** Problem to work on **
Each line below should be repeated exactly, but no picture should be carried over.

** Collected data **
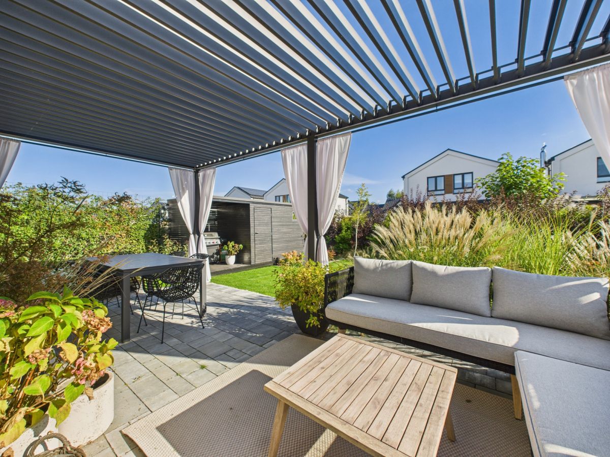 Na sprzedaż połowa bliźniaka o powierzchni ok. 155 m², położona na pięknie zagospodarowanej działce 500 m². To nie jest zwykły ogród - to bajkowa przestrzeń pełna zieleni, kwiatów i dopracowanych detali, idealna do relaksu, rodzinnych spotkań i letnich wieczorów przy grillu.
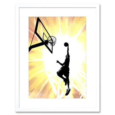 Wee Blue Coo Painting Sport Basketball Jump Slam Dunk Hoop Framed Wall Art Print
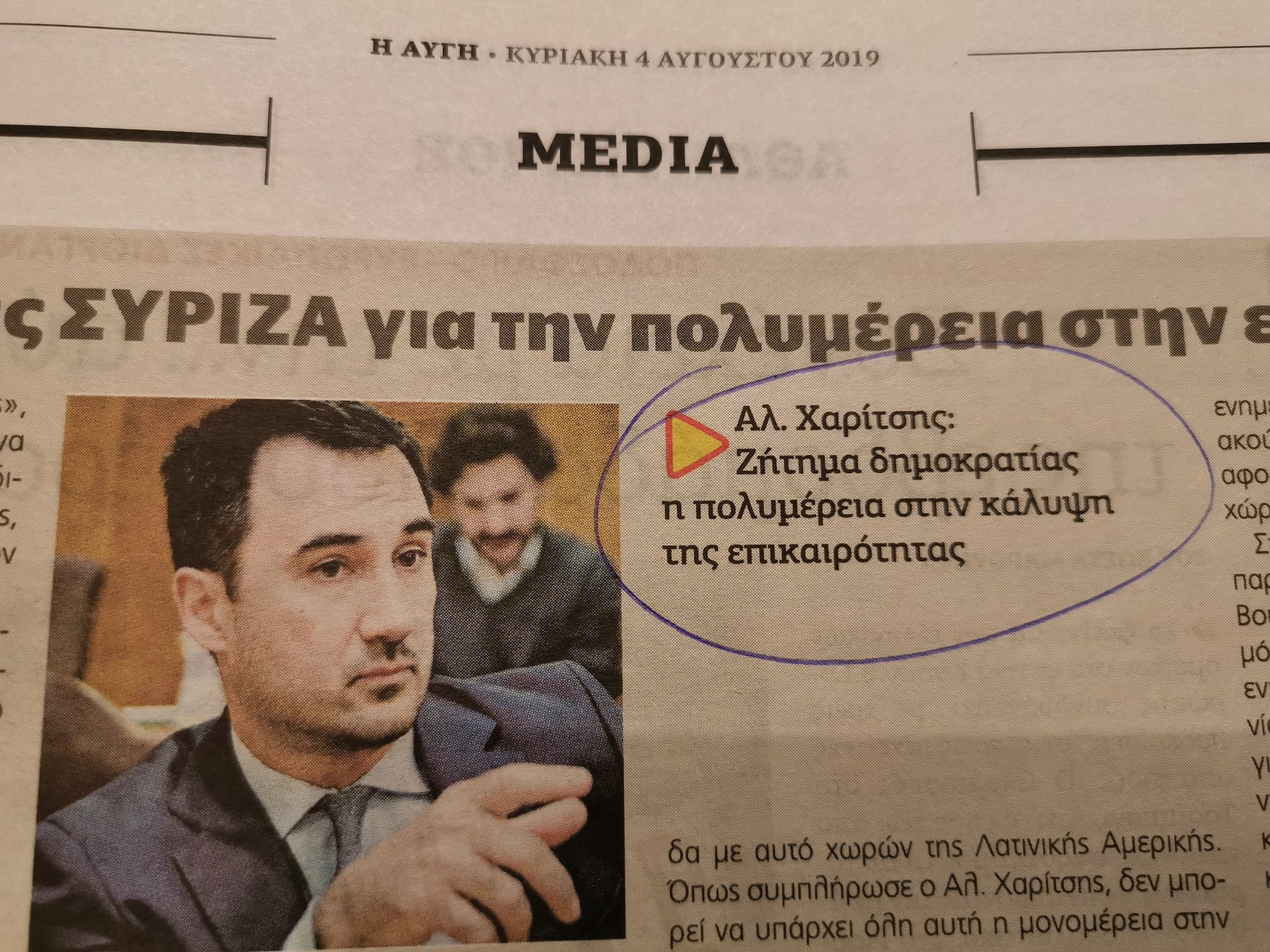 | Μετά την κανονικότητα, άλλος ένας όρος της Χημείας, η πολυμέρεια περιφέρεται στην ενημέρωση ντυμένη πολιτικά |

** Result of the exercise **
 Na sprzedaż połowa bliźniaka o powierzchni ok. 155 m², położona na pięknie zagospodarowanej działce 500 m². To nie jest zwykły ogród - to bajkowa przestrzeń pełna zieleni, kwiatów i dopracowanych detali, idealna do relaksu, rodzinnych spotkań i letnich wieczorów przy grillu.
 Wee Blue Coo Painting Sport Basketball Jump Slam Dunk Hoop Framed Wall Art Print
 | Μετά την κανονικότητα, άλλος ένας όρος της Χημείας, η πολυμέρεια περιφέρεται στην ενημέρωση ντυμένη πολιτικά |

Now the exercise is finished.